[[ DATASET RECORDS, beginning ]]
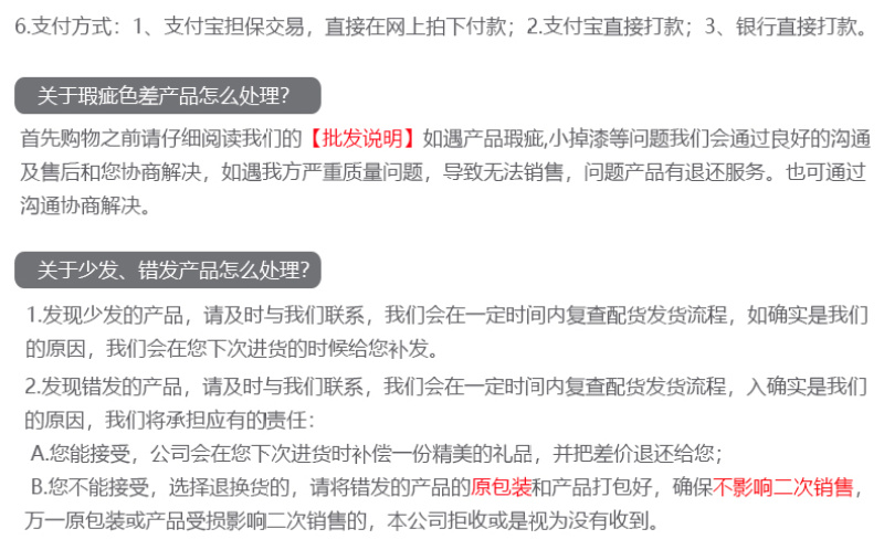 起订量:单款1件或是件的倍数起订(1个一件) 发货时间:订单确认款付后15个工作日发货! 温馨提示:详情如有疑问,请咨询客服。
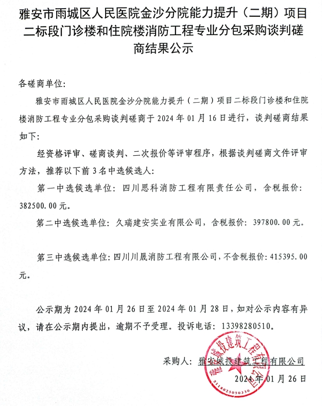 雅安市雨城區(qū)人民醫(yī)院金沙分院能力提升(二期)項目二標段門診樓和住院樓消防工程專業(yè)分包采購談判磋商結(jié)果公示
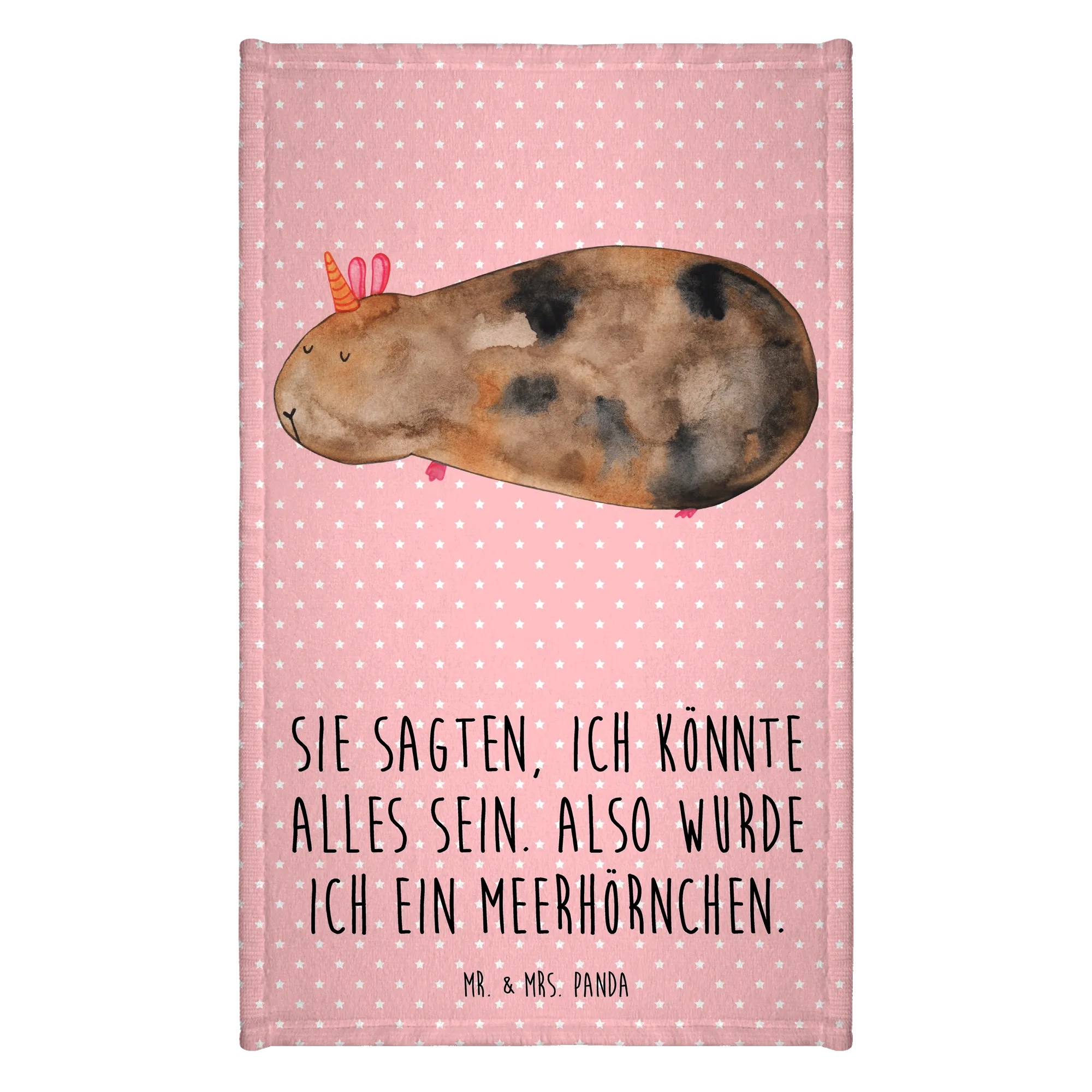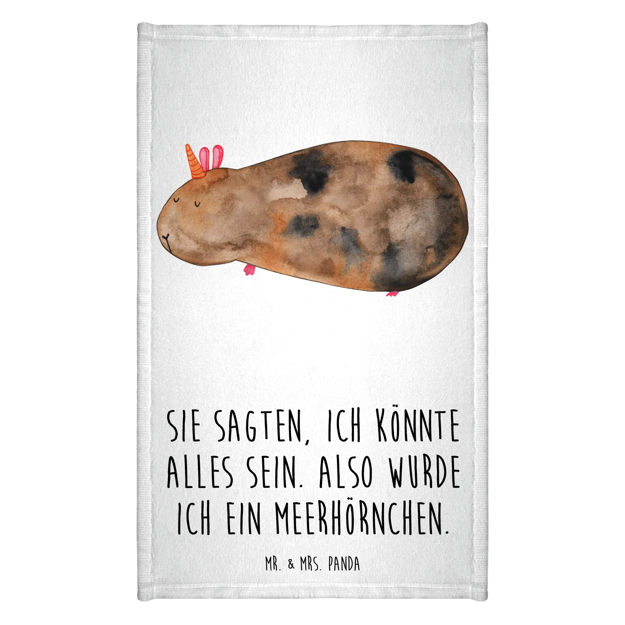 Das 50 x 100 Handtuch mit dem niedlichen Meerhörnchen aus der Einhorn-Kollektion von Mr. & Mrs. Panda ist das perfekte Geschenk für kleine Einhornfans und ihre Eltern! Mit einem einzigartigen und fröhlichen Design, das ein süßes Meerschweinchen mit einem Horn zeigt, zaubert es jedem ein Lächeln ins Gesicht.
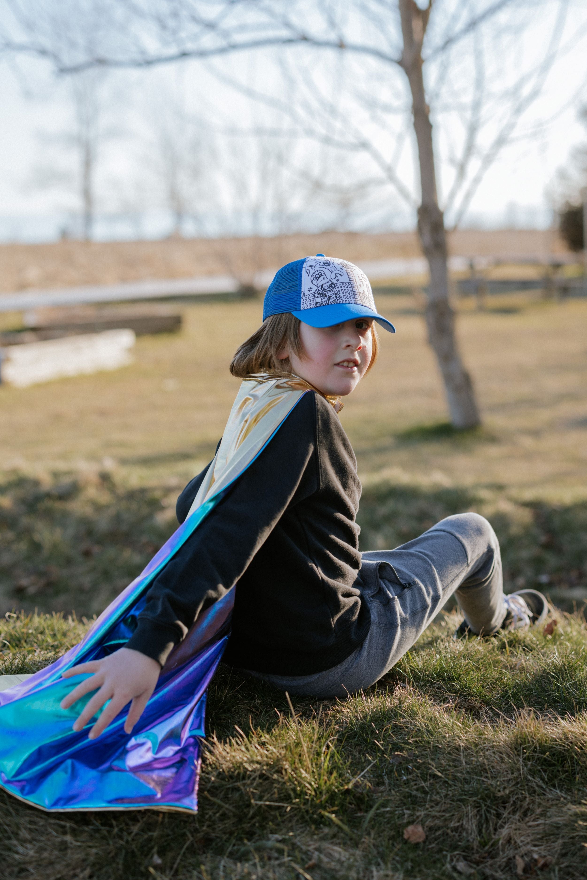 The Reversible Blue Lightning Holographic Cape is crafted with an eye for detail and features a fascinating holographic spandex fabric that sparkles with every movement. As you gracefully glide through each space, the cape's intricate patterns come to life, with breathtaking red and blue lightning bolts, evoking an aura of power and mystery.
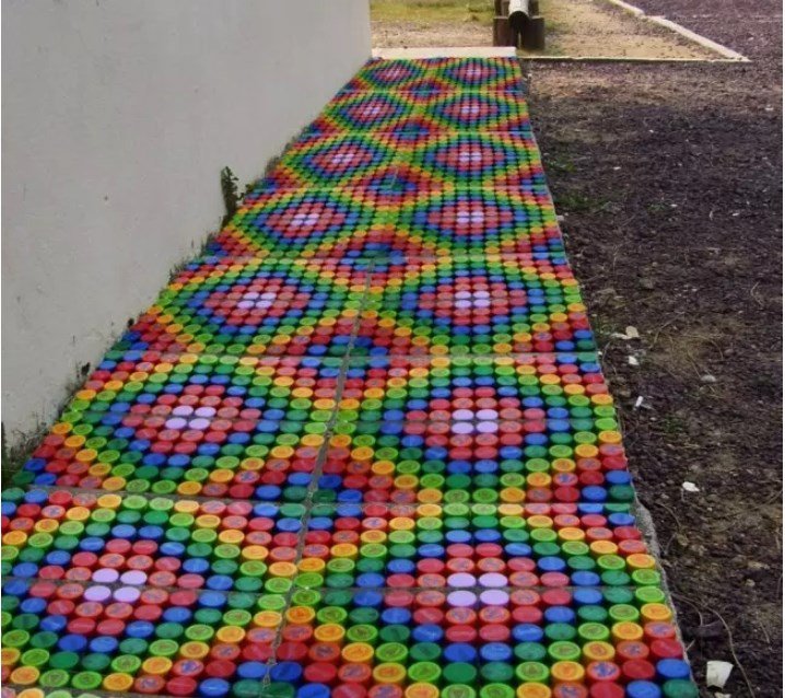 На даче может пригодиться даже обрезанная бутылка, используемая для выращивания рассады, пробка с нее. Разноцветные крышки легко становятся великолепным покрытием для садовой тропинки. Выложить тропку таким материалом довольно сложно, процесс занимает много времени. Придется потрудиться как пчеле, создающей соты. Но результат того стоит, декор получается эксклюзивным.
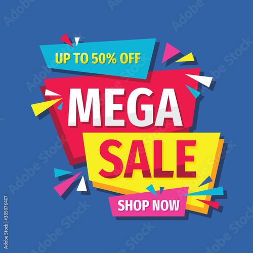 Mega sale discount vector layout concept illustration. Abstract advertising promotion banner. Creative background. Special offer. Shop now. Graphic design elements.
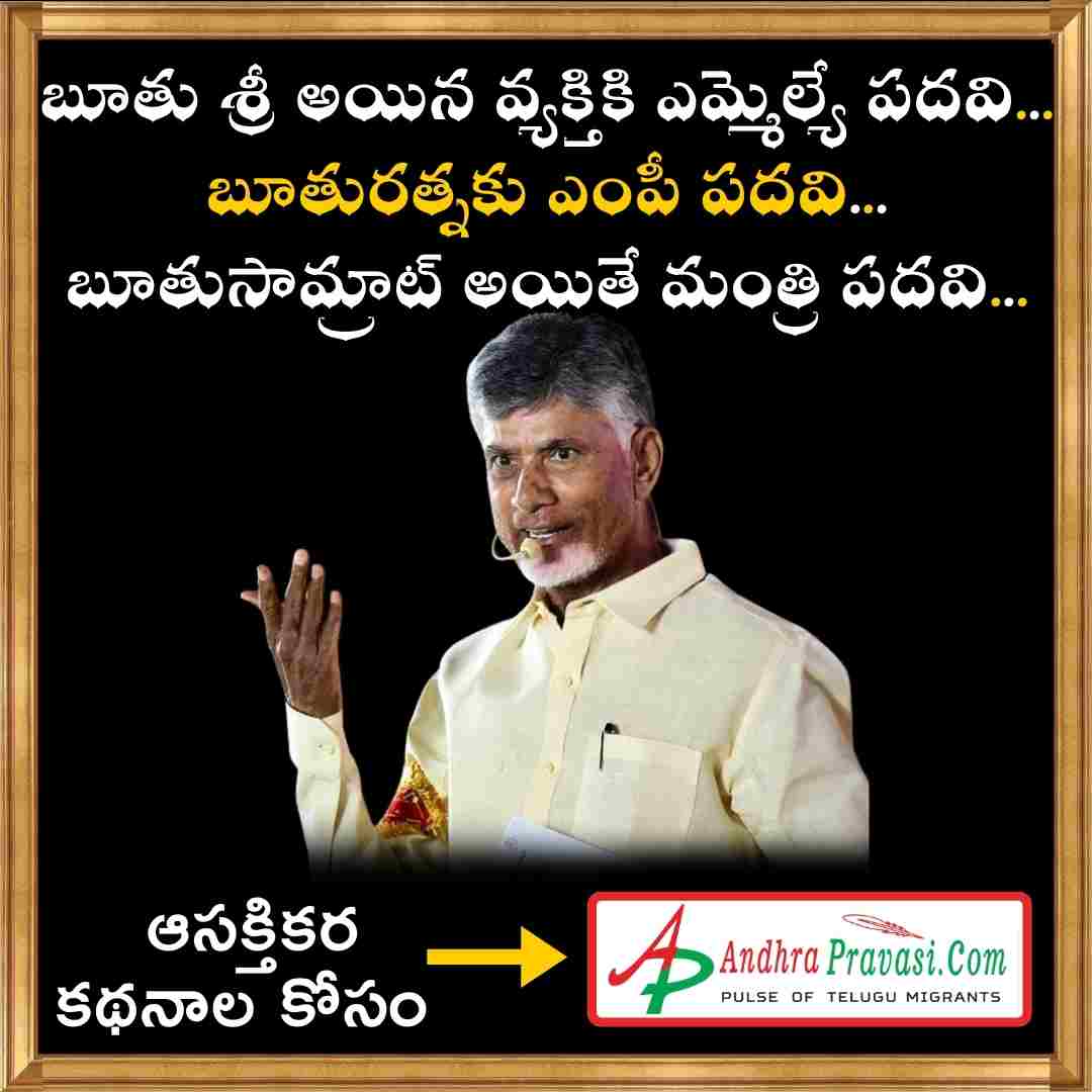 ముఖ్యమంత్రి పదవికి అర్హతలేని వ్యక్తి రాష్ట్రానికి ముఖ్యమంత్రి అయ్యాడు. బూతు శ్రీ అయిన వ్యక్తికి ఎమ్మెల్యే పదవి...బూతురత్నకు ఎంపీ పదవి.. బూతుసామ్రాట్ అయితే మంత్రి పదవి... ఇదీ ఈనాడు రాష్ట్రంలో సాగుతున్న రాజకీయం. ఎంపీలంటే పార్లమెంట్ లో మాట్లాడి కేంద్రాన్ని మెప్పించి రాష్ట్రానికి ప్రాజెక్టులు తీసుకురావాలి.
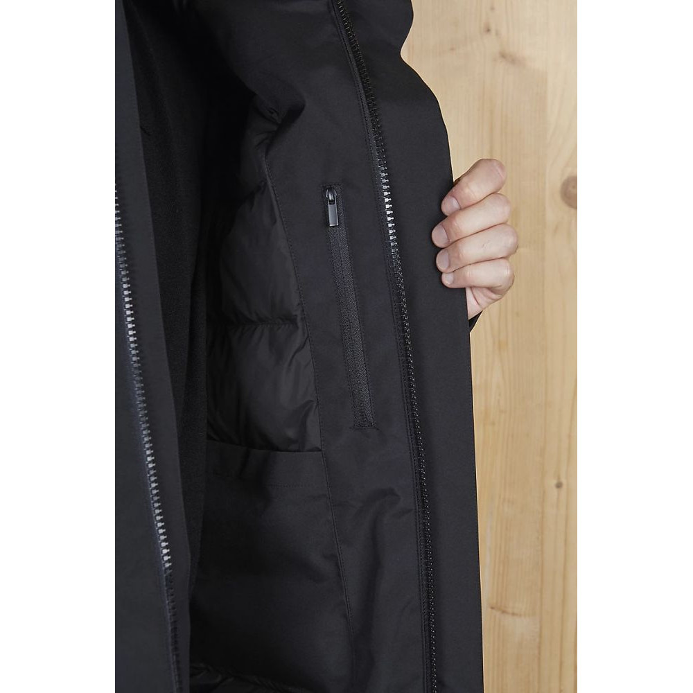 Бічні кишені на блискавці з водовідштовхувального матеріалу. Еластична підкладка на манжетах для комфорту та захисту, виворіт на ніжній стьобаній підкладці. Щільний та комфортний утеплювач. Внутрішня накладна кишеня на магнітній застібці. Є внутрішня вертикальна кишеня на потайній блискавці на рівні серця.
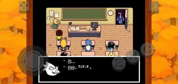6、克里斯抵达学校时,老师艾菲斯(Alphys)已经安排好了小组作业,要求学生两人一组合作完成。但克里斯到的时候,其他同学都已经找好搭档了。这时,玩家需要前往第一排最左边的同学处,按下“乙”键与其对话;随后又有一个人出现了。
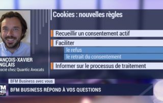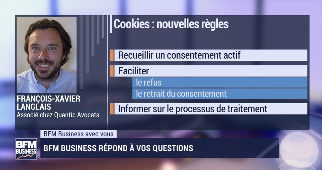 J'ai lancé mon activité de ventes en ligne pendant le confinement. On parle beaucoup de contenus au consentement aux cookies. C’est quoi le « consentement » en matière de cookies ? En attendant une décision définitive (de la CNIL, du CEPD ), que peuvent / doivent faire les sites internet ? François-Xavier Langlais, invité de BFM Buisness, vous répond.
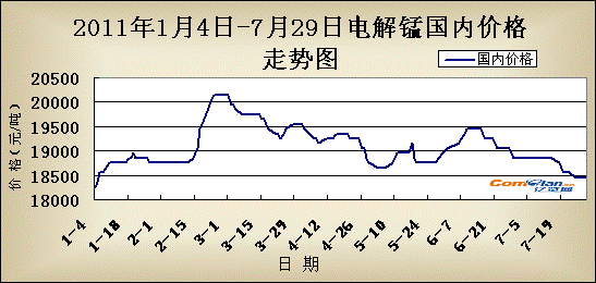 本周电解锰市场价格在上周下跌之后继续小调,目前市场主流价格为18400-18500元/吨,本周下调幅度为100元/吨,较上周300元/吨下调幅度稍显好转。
[[ DATASET RECORDS, end ]]
> _WHAT TO DO_
Give back the full listing exactly, with pictures dropped.

> _RESPONSE BOX_
 起订量:单款1件或是件的倍数起订(1个一件) 发货时间:订单确认款付后15个工作日发货! 温馨提示:详情如有疑问,请咨询客服。
 雅安市雨城區(qū)人民醫(yī)院金沙分院能力提升(二期)項目二標段門診樓和住院樓消防工程專業(yè)分包采購談判磋商結(jié)果公示
 Das 50 x 100 Handtuch mit dem niedlichen Meerhörnchen aus der Einhorn-Kollektion von Mr. & Mrs. Panda ist das perfekte Geschenk für kleine Einhornfans und ihre Eltern! Mit einem einzigartigen und fröhlichen Design, das ein süßes Meerschweinchen mit einem Horn zeigt, zaubert es jedem ein Lächeln ins Gesicht.
 The Reversible Blue Lightning Holographic Cape is crafted with an eye for detail and features a fascinating holographic spandex fabric that sparkles with every movement. As you gracefully glide through each space, the cape's intricate patterns come to life, with breathtaking red and blue lightning bolts, evoking an aura of power and mystery.
 На даче может пригодиться даже обрезанная бутылка, используемая для выращивания рассады, пробка с нее. Разноцветные крышки легко становятся великолепным покрытием для садовой тропинки. Выложить тропку таким материалом довольно сложно, процесс занимает много времени. Придется потрудиться как пчеле, создающей соты. Но результат того стоит, декор получается эксклюзивным.
 Mega sale discount vector layout concept illustration. Abstract advertising promotion banner. Creative background. Special offer. Shop now. Graphic design elements.
 ముఖ్యమంత్రి పదవికి అర్హతలేని వ్యక్తి రాష్ట్రానికి ముఖ్యమంత్రి అయ్యాడు. బూతు శ్రీ అయిన వ్యక్తికి ఎమ్మెల్యే పదవి...బూతురత్నకు ఎంపీ పదవి.. బూతుసామ్రాట్ అయితే మంత్రి పదవి... ఇదీ ఈనాడు రాష్ట్రంలో సాగుతున్న రాజకీయం. ఎంపీలంటే పార్లమెంట్ లో మాట్లాడి కేంద్రాన్ని మెప్పించి రాష్ట్రానికి ప్రాజెక్టులు తీసుకురావాలి.
 Бічні кишені на блискавці з водовідштовхувального матеріалу. Еластична підкладка на манжетах для комфорту та захисту, виворіт на ніжній стьобаній підкладці. Щільний та комфортний утеплювач. Внутрішня накладна кишеня на магнітній застібці. Є внутрішня вертикальна кишеня на потайній блискавці на рівні серця.
6、克里斯抵达学校时,老师艾菲斯(Alphys)已经安排好了小组作业,要求学生两人一组合作完成。但克里斯到的时候,其他同学都已经找好搭档了。这时,玩家需要前往第一排最左边的同学处,按下“乙”键与其对话;随后又有一个人出现了。
 J'ai lancé mon activité de ventes en ligne pendant le confinement. On parle beaucoup de contenus au consentement aux cookies. C’est quoi le « consentement » en matière de cookies ? En attendant une décision définitive (de la CNIL, du CEPD ), que peuvent / doivent faire les sites internet ? François-Xavier Langlais, invité de BFM Buisness, vous répond.
 本周电解锰市场价格在上周下跌之后继续小调,目前市场主流价格为18400-18500元/吨,本周下调幅度为100元/吨,较上周300元/吨下调幅度稍显好转。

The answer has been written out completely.